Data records
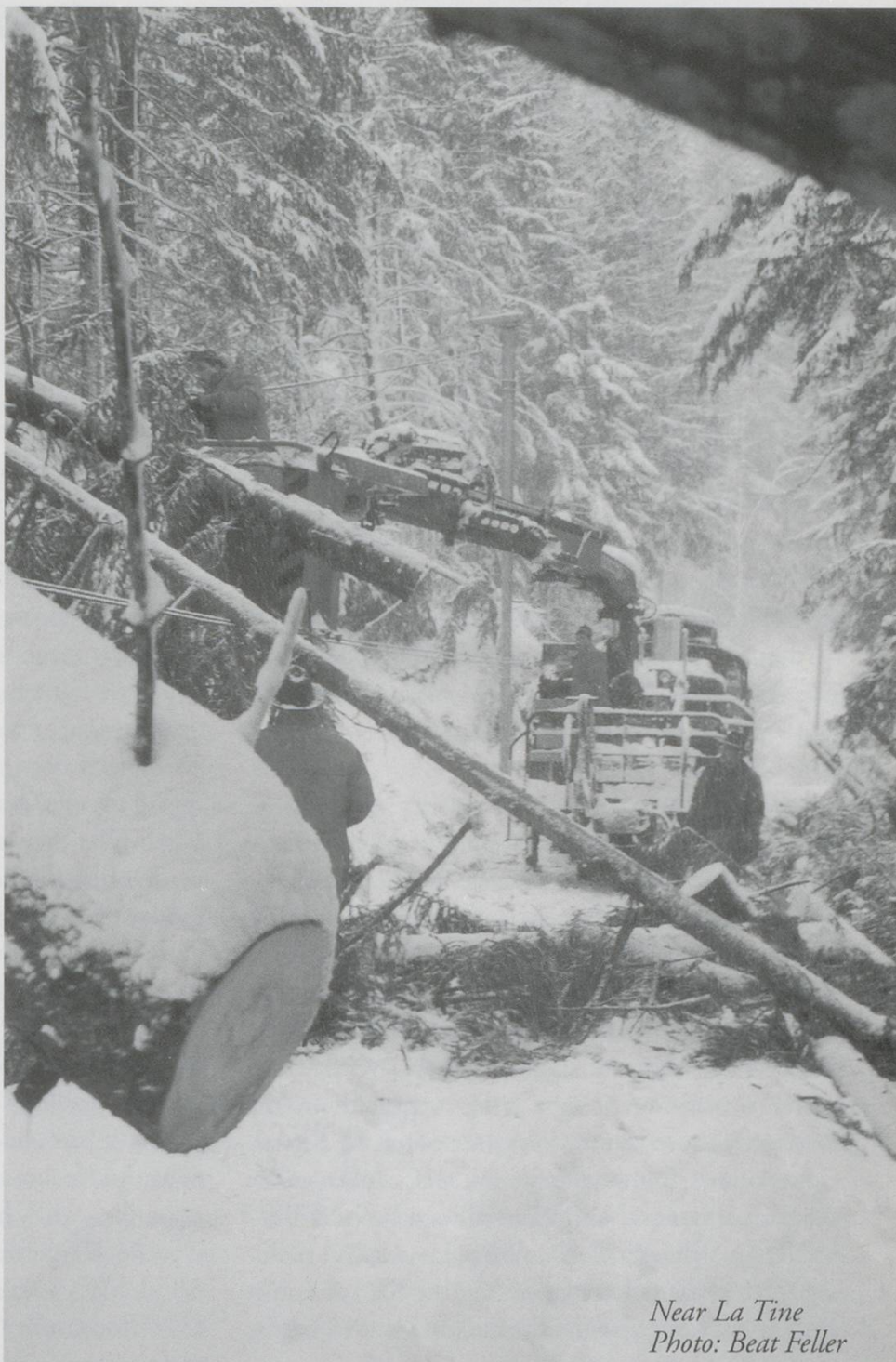
Near La Tine

Zweisimmen to Château d'Oex was reopened to trains on 14th January. First from Zweisimmen was the 1600, immediately after we had tested the line and signalling with Be 4/4 1003. Fortunately as we passed Les Borsalets level crossing, on the main road between Les Granges and Les Combes we stopped to photograph our little train which someone had decorated with a few flags. So we noticed that the level crossing barriers remained down. This was traced to an insulation failure in the controlling track circuit. Train service between Montreux and Montbovon also restarted on 14th Jan. The remainder of the MOB reopened on 19th January. Our management offered return tickets at single
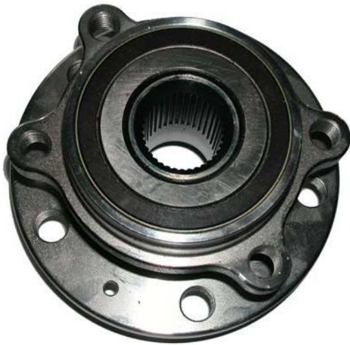
Fig. 1. Front wheel hub
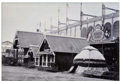
Russian Isbas in the Exhibition's park, photograph from 1867.
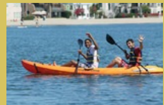
Adventure Club youth kayaking in Mission Bay
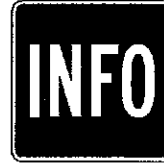
D9-10 Tourist Information
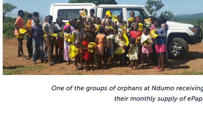
One of the groups of orphans at Ndumo receiving their monthly supply of ePap.

We are grateful to EPI-USE for the continued funding for the Ndumo orphans. In November, they availed funding for an another 5 months to ensure a constant supply of ePap to the 450 orphans that are monitored and assisted by the local Ndumo Orphans Committee.
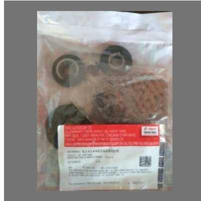
Timing Chain Kit
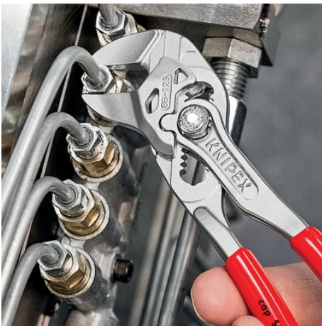
the mini pliers wrench for precision mechanics
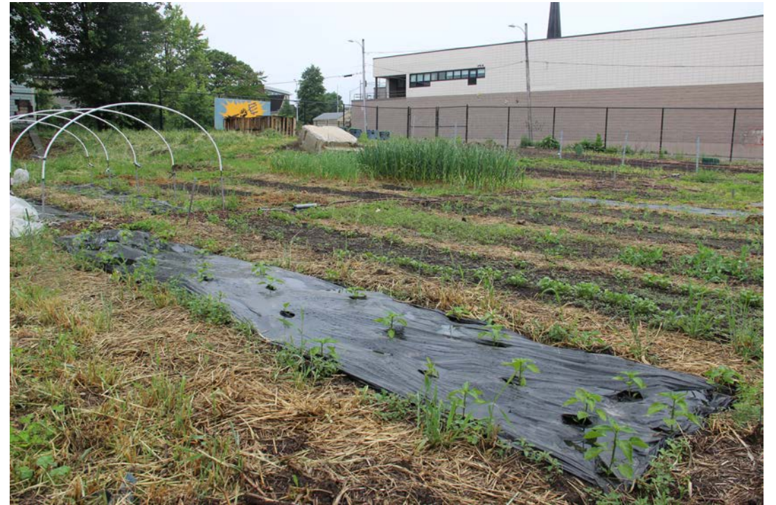
June 2017, first year of production

» **What the task requires**
Repeat the lines above precisely and skip every picture.

» **Solution to this task**
Near La Tine

Zweisimmen to Château d'Oex was reopened to trains on 14th January. First from Zweisimmen was the 1600, immediately after we had tested the line and signalling with Be 4/4 1003. Fortunately as we passed Les Borsalets level crossing, on the main road between Les Granges and Les Combes we stopped to photograph our little train which someone had decorated with a few flags. So we noticed that the level crossing barriers remained down. This was traced to an insulation failure in the controlling track circuit. Train service between Montreux and Montbovon also restarted on 14th Jan. The remainder of the MOB reopened on 19th January. Our management offered return tickets at single
Fig. 1. Front wheel hub
Russian Isbas in the Exhibition's park, photograph from 1867.
Adventure Club youth kayaking in Mission Bay
D9-10 Tourist Information
One of the groups of orphans at Ndumo receiving their monthly supply of ePap.

We are grateful to EPI-USE for the continued funding for the Ndumo orphans. In November, they availed funding for an another 5 months to ensure a constant supply of ePap to the 450 orphans that are monitored and assisted by the local Ndumo Orphans Committee.
Timing Chain Kit
the mini pliers wrench for precision mechanics
June 2017, first year of production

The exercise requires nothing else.